**ACTION ITEM**
An exact transcription of the records is required, minus any images.

**TASK MATERIAL**
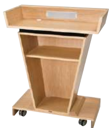
■ S-TM-3310 愛 ¥ 603,000 W900・D425・H1,050 主材：ナラ突板・ウレタン塗装 脚：ウレタンキャスター・2カ所ストップパー付
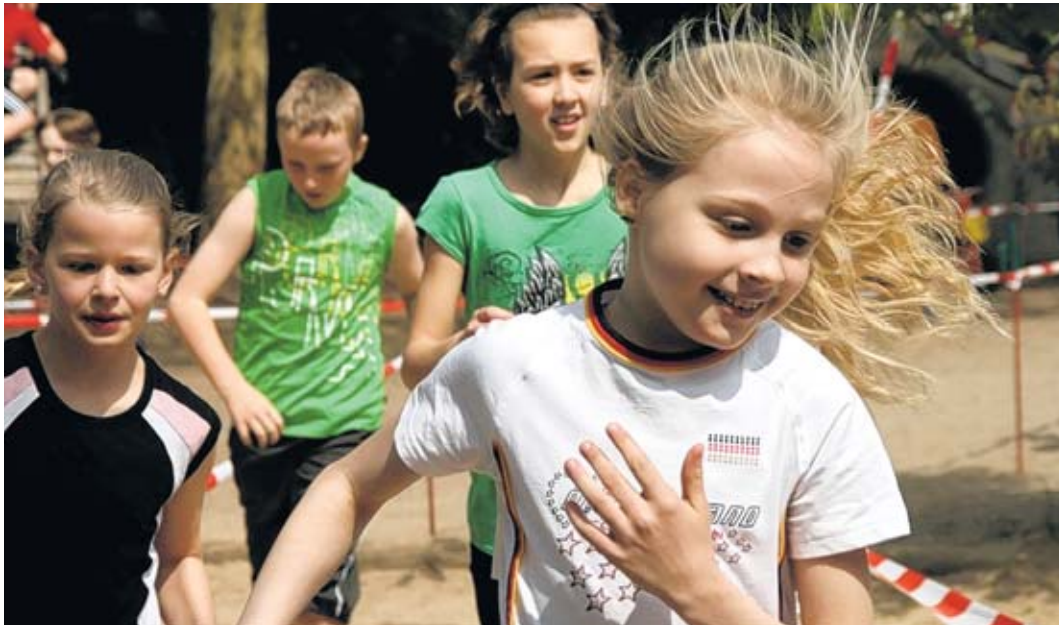
Schüler sorgten an der Immanuel-Schule mit flinken Füßen dafür, dass für dringend benötigtes Unterrichtsmaterial rund 2300 Euro erlaufen wurden.
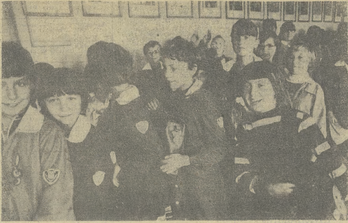
Fot.: JADWIGA RUBIŚ
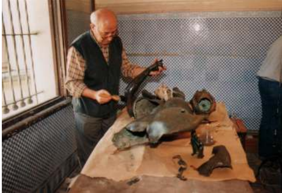
Resim 28: Heykelin Koruyucu Sıvı İle Kaplanması İşlemi (Trabzon Müze Envanter Kayıtları)
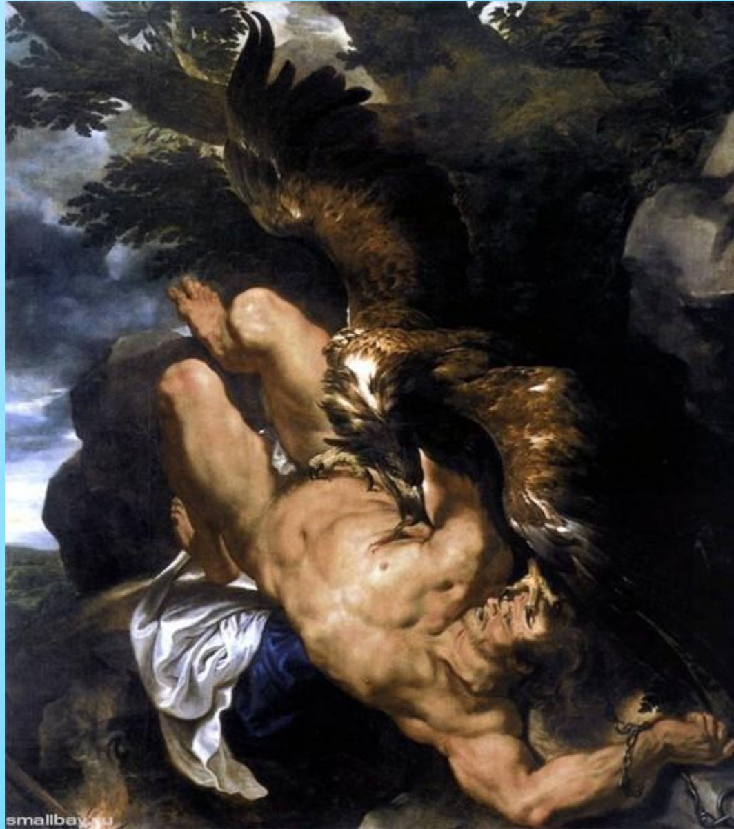
Рубенс Питер Пауль «Прометей Прикованный». 1610 - 1612
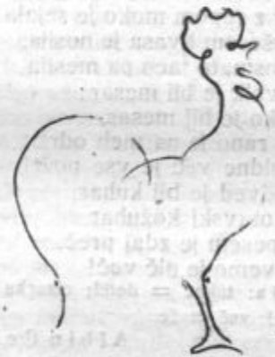
Nariši v eni potezi.

Drenov Jernejče je res storil tako in se je prepričal, da ga je bil Tinček naučil prav. Molčal je pa kakor grob, samo meni je siromak razodel to skrivnost. No, jaz sem pa tako klepetav, da sem za vesele praznike še vam izdal to skrivnost. Ivan Albreht.

**RESULT OF THE TASK**
■ S-TM-3310 愛 ¥ 603,000 W900・D425・H1,050 主材：ナラ突板・ウレタン塗装 脚：ウレタンキャスター・2カ所ストップパー付
Schüler sorgten an der Immanuel-Schule mit flinken Füßen dafür, dass für dringend benötigtes Unterrichtsmaterial rund 2300 Euro erlaufen wurden.
Fot.: JADWIGA RUBIŚ
Resim 28: Heykelin Koruyucu Sıvı İle Kaplanması İşlemi (Trabzon Müze Envanter Kayıtları)
Рубенс Питер Пауль «Прометей Прикованный». 1610 - 1612
Nariši v eni potezi.

Drenov Jernejče je res storil tako in se je prepričal, da ga je bil Tinček naučil prav. Molčal je pa kakor grob, samo meni je siromak razodel to skrivnost. No, jaz sem pa tako klepetav, da sem za vesele praznike še vam izdal to skrivnost. Ivan Albreht.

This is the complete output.